Tax exemptions, exclusions, and deductions; withdrawals other than qualified withdrawals to be included in gross income
Viewing an earlier, undated versionView current - (A) All property and income of the SCCIP trust fund, as an instrumentality of the State, shall be exempt from all taxation by the State and by its political subdivisions.
- (B) Any interest, dividends, gains, or income accruing on the payments made pursuant to an investment trust agreement under the terms of this chapter or on any account in the SCCIP Trust Fund shall be excluded from the gross income of any such account owner, contributor, or beneficiary for purposes of South Carolina income taxes, to the extent such amounts remain on deposit in the SCCIP Trust Fund or are withdrawn pursuant to a Qualified Withdrawal. The SCCIP Trust Fund and Tuition Prepayment Program under Chapter 4 of this title shall constitute the only programs established pursuant to Section 529 of the Internal Revenue Code of 1986, as amended.
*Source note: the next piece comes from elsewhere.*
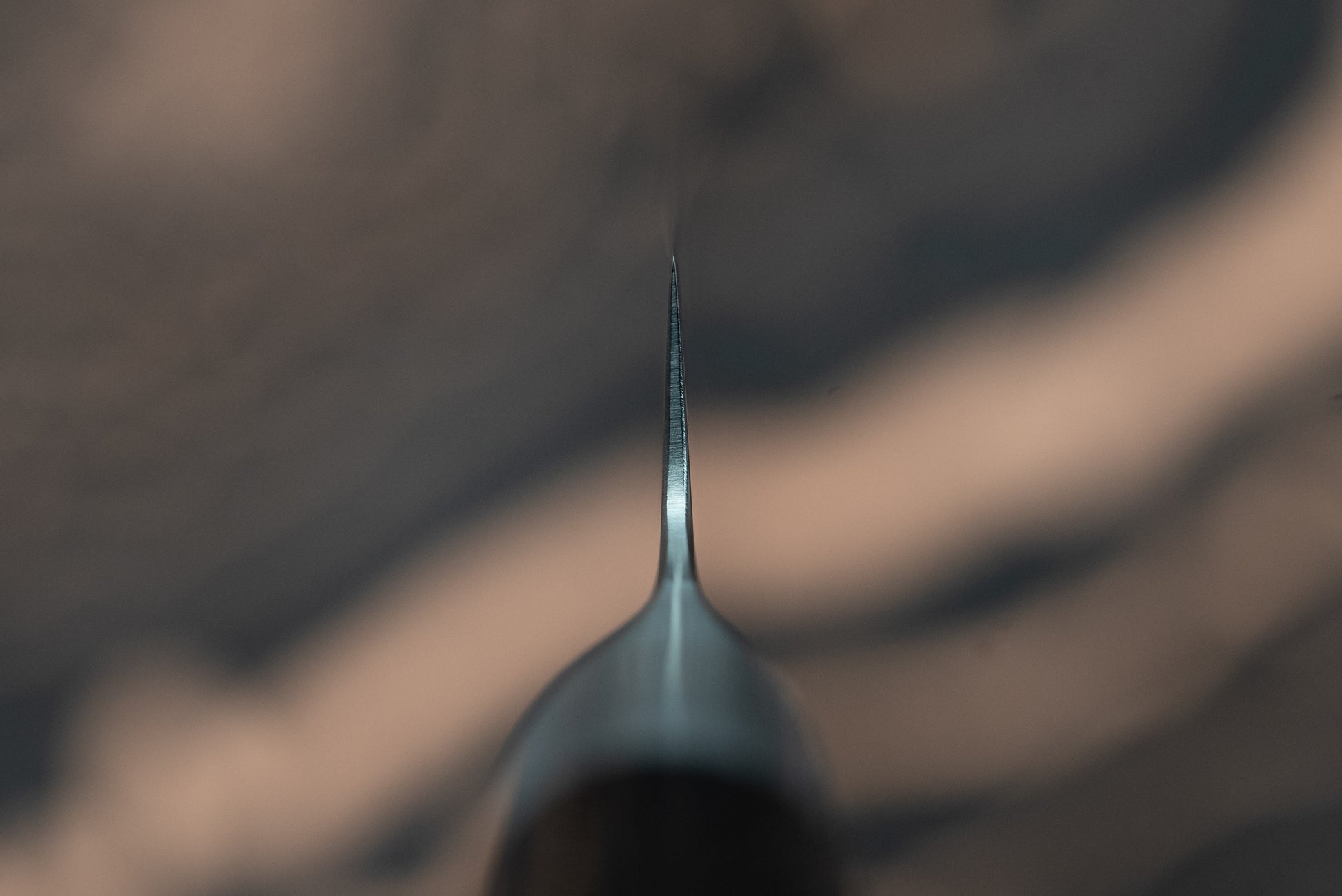 About Sakai Takayuki Grand Chef Seigaiha - The western style Seigaiha line all feature kiritsuke tip, thin blades and an eye catching “Blue Wave damascus”. It is made from Boehler Swedish steel, the same steel they have been using for their other grand chef lines. They can take a super keen edge and are easy to sharpen and hold a pretty good edge for a good amount of time. A great knife for at home or professional kitchen.

- (C) The earnings portion of any withdrawals from an account that are not Qualified Withdrawals shall be included in the gross income of the resident recipient of the withdrawal for purposes of South Carolina income taxes in the year of the withdrawal.
- (D) Contributions to an investment trust account created under this chapter by a resident of this State or a nonresident required to file a State of South Carolina income tax return for any year are deductible from South Carolina income subject to tax for that year up to the limit of maximum contributions allowed to such accounts under Section 529 of the Internal Revenue Code of 1986, as amended, including funds transferred to an investment trust account from another qualified college investment account, as allowable under Section 529 of the Internal Revenue Code of 1986, as amended, to the extent that the transferred funds were not permitted a state income tax deduction previously under state law. The deduction for funds transferred from another qualified college investment account shall be allowable in the year in which the funds are transferred.